The four layers of a resilient AI integration:
1. Timeout — Set a hard limit on how long you’ll wait. If the AI hasn’t responded in N seconds, give up. Don’t let one slow request hold a thread forever.
2. Retry with backoff — For transient failures (network blip, brief overload), retry automatically. But use exponential backoff — don’t hammer a struggling API. And be careful: retrying a request that returned a wrong answer won’t help. Retry only on specific error codes (429, 503), not on bad responses.
3. Circuit breaker — After a certain number of failures in a time window, stop calling the AI entirely. Don’t keep trying. Open the circuit. Wait. Then try again slowly. This protects both your system and the provider.

4. Fallback — When the circuit is open, what do you do? This is the architectural decision most teams skip. Options: return a cached previous response, return a static default, show a “this feature is temporarily unavailable” message, or route to a secondary provider. The right choice depends on the feature.

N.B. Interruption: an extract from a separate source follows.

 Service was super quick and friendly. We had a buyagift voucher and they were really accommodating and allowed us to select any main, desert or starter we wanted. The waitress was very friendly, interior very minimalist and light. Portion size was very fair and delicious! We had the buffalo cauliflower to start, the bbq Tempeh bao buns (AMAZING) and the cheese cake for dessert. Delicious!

Together, these give you degraded mode: the AI feature is unavailable, but the rest of the application keeps working, and users get a reasonable experience instead of an error page.
Execute
We’ll use .NET with Polly, the standard resilience library for .NET. Polly has a ResiliencePipeline API that lets you compose these strategies cleanly.
First, add the packages:
dotnet add package Microsoft.Extensions.Http.Resilience
dotnet add package Polly.Extensions
The AI service interface
Start with a clean abstraction. The rest of your application shouldn’t care whether the AI is available or not — it just asks for a result.

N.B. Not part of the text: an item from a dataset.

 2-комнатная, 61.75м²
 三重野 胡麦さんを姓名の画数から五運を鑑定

public interface IAiSummaryService
{
Task<string?> SummarizeAsync(string text, CancellationToken cancellationToken = default);
}
string? matters here. Null means “AI was unavailable, handle it upstream.” Don’t throw — throwing forces every caller to add try-catch. Return null and let the caller decide what to show.
The resilience pipeline
using Polly;
using Polly.CircuitBreaker;
using Polly.Retry;
using Polly.Timeout;
public static class ResiliencePipelines
{
public static ResiliencePipeline<string?> BuildAiPipeline() =>
new ResiliencePipelineBuilder<string?>()
// 1. Timeout: give up after 10 seconds
.AddTimeout(new TimeoutStrategyOptions
{
Timeout = TimeSpan.FromSeconds(10)
})
// 2. Retry: up to 2 retries on 429/503, with exponential backoff
.AddRetry(new RetryStrategyOptions<string?>
{
MaxRetryAttempts = 2,
Delay = TimeSpan.FromSeconds(1),
BackoffType = DelayBackoffType.Exponential,
ShouldHandle = new PredicateBuilder<string?>()
.Handle<HttpRequestException>(ex =>
ex.StatusCode is System.Net.HttpStatusCode.TooManyRequests
or System.Net.HttpStatusCode.ServiceUnavailable)
})
// 3. Circuit breaker: open after 5 failures in 30 seconds
// Half-open after 15 seconds: try one request to check recovery
.AddCircuitBreaker(new CircuitBreakerStrategyOptions<string?>
{
FailureRatio = 0.5,
SamplingDuration = TimeSpan.FromSeconds(30),
MinimumThroughput = 5,
BreakDuration = TimeSpan.FromSeconds(15),
ShouldHandle = new PredicateBuilder<string?>()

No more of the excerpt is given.